Dividend policy including undertakings to pension scheme, disclosure of distributable reserves

Trinity Mirror plc – Annual report – 31 December 2017

Industry: publishing

Directors’ report (extract)

Dividends and share buyback

The Board proposes a final dividend for 2017 of 3.55 pence per share (2016: 3.35 pence per share) which, subject to shareholder approval, will be payable on 8 June 2018 to shareholders on the register on 11 May 2018. The proposed final dividend together with the interim dividend of 2.25 pence per share (2016: 2.10 pence per share) results in a total dividend for 2017 of 5.80 pence per share (2016: 5.45 pence per share).

On 1 August 2016 the Group announced a Share Repurchase Programme of the Company’s 10p Ordinary Shares, up to a maximum consideration of £10 million. The purpose of the Share Repurchase Programme was to reduce the Company’s share capital, with the repurchased shares being held in Treasury. The Share Repurchase Programme, which completed on 14 November 2017, repurchased 10,017,620 10p Ordinary shares with an aggregate nominal value of £1,001,762, representing 3.53% of the issued share capital of the Company.

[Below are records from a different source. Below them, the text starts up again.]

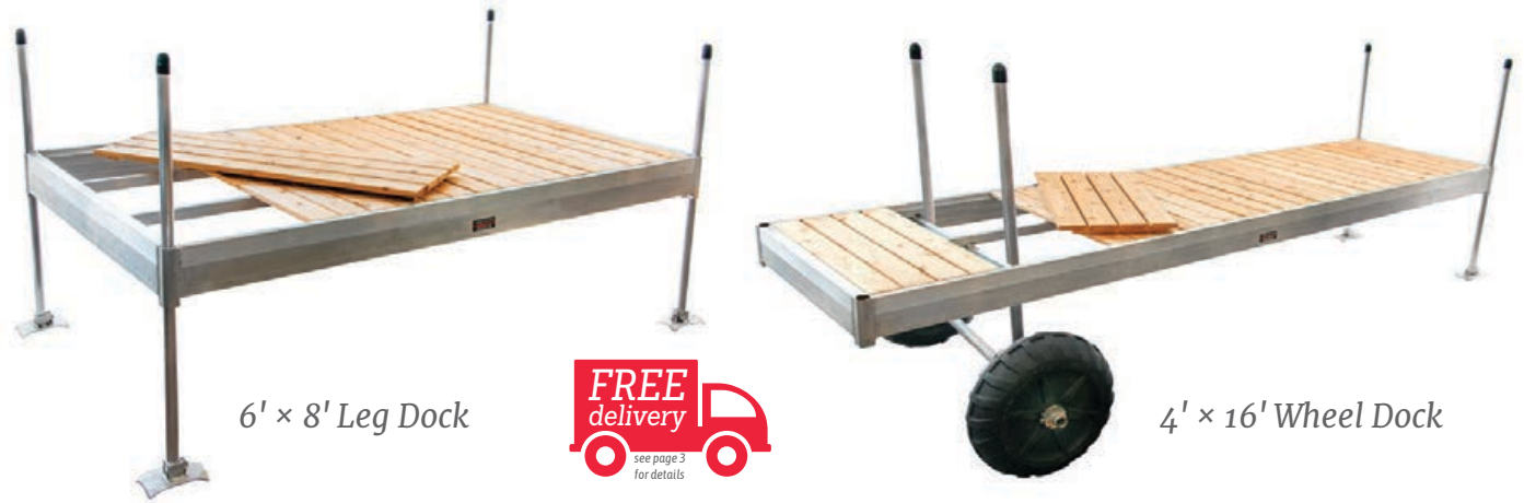
6' x 8' Leg Dock
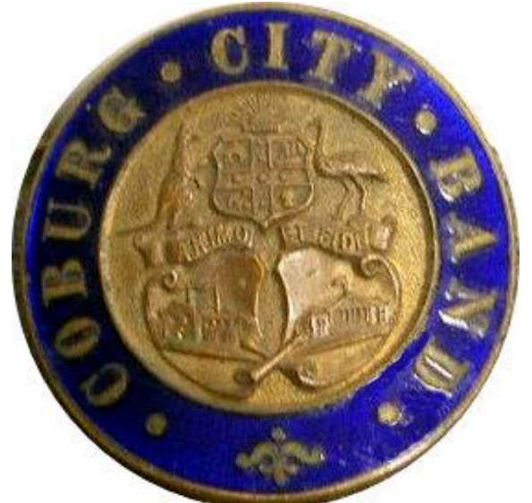
Coburg City Band, Australia
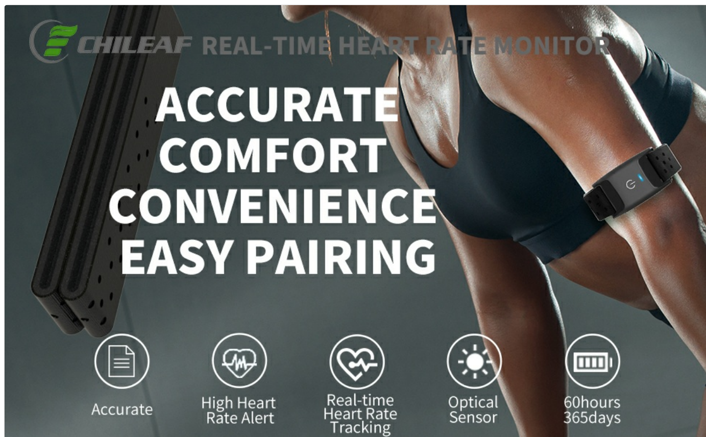
Image: A person wearing the CHILEAF Heart Rate Monitor Armband on their forearm, demonstrating the recommended placement for accurate readings.
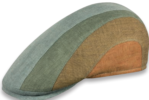
Detroit 100 col. 12, 100 % Linen, UPF 50+
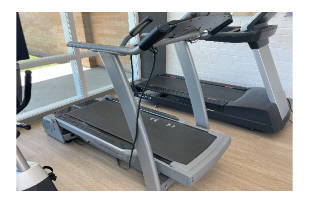
Item 4: Reflex Treadmill
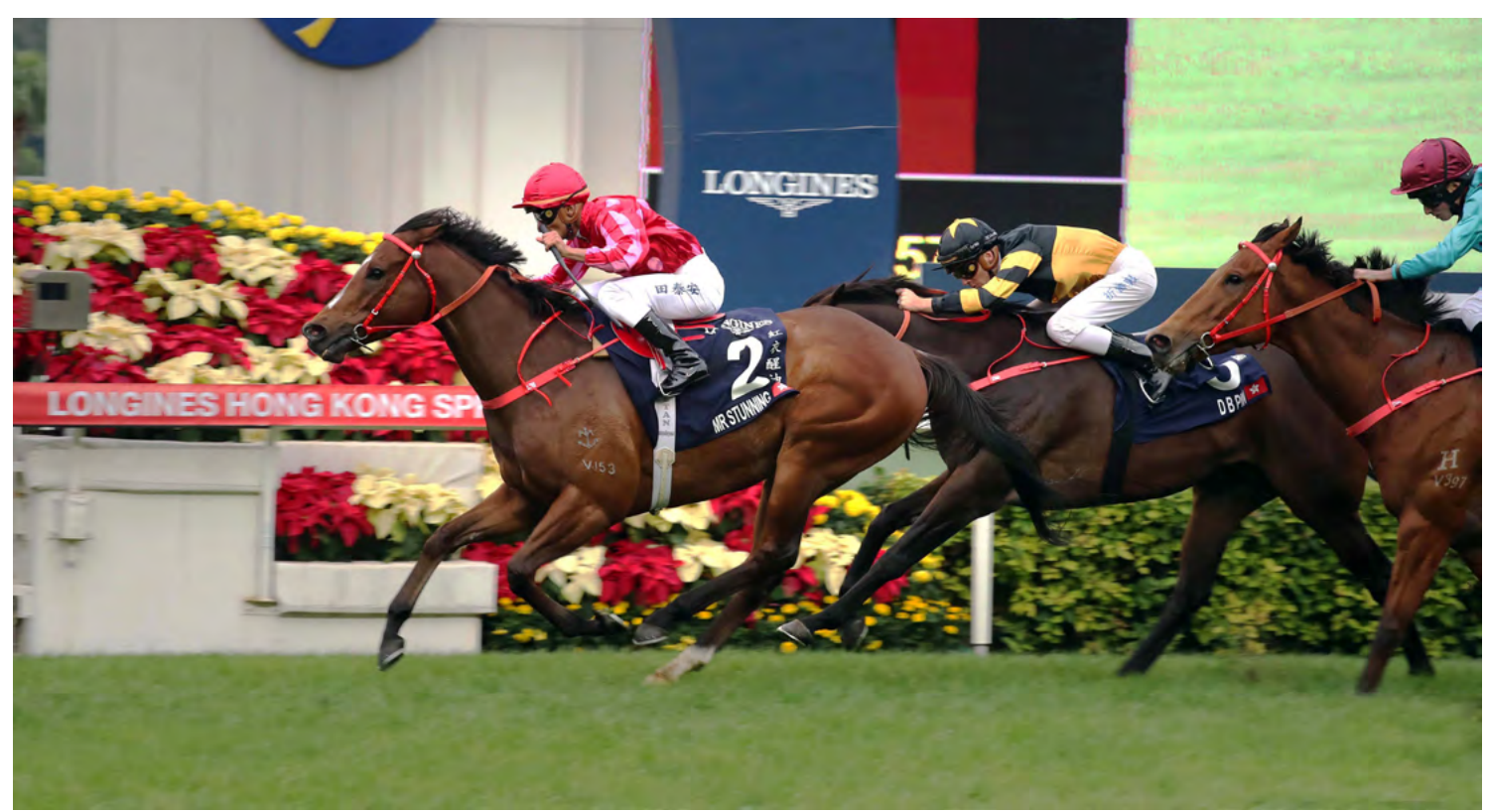
Mr Stunning holds out D B Pin (inner) and Beat The Clock to win back-to-back Longines Hong Kong Sprint titles

trio of New Zealand Bloodstock Sale graduates dominated the 2018 edition of the Gr. 1 LONGINES Hong Kong Sprint (1200m) at Sha Tin on Sunday.
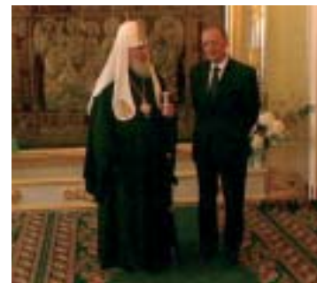
UNODC Executive Director Antonio Maria Costa meets His Holiness Alexii II, Patriarch of Moscow and all Russia. UNODC supports the efforts of the Russian Orthodox Church to treat and rehabilitate drug users

In 2005, UNODC continued to develop its cooperation with the Russian Orthodox Church. In Russia, the capacity of drug treatment and rehabilitation services is overstretched. Faith-based approaches, when combined with medical best practices, provide an important helping hand. Consequently, many drug users now turn to Russian Orthodox Church centres, which are gaining recognition for their role as caregivers. In 2005, UNODC and the Russian Orthodox Church jointly developed a project aimed at the establishment of a rehabilitation centre for drug users in the suburbs of Moscow.
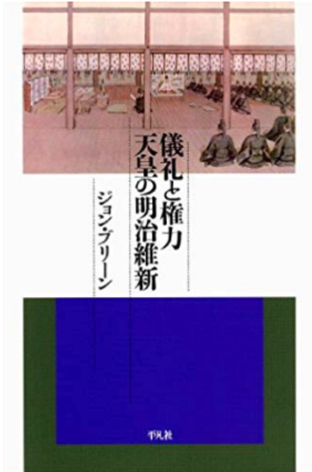
Girei to kenryoku: Tennō no Meiji Ishin 儀礼と権力 天皇の明治維新 Heibonsha, 2011.
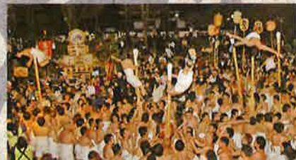
Before starting the parade of Okoshi-daiko, Tsuke-daiko group members take turns balancing atop of the Tsuke-daiko poles.

There are two highlights of Furukawa Festival. One of them is "Okoshi-daiko (rousing drum)," which is held on the night of April 19th. Okoshi-daiko, the big Japanese drum structure, is carried through the streets by hundreds of half-naked men. During Okoshi-daiko parade, the 12 neighborhood groups of men follow the main drum with their small drums called Tsuke-daiko (attaching drums). They become very aggressive and charge upon the main drum, since the position directly behind the drum structure is highly esteemed. Okoshi-daiko represents the DYNAMIC aspect of the Furukawa Festival, which is known as one of the most eccentric festivals in Japan.

Treasury shares do not receive dividends and are not included when calculating the total voting rights in the Company. The Company, if deemed fit, can sell the shares for cash or transfer the shares for use in an employee share scheme. The Company intends to hold the repurchased shares in Treasury for the foreseeable future.

Dividend Policy

As the Group continues to manage the business through the structural challenges facing print media the Board has adopted a progressive dividend policy that is aligned to free cash generation of the business. The free cash generation for the purposes of assessing the dividend is the net cash flow generated by the Group before the repayment of debt, dividend payments, other capital returns to shareholders and additional contributions made to the defined benefit pension schemes as a result of a substantial increase in dividends and/or capital returns to shareholders. When setting the level of dividends the Board will ensure that the Group maintains adequate headroom for investment and any unexpected cash flow requirements for historical events or to fund further restructuring. Based on the Board’s expectation of future cash flows the Board expects dividends to increase by at least 5% per annum.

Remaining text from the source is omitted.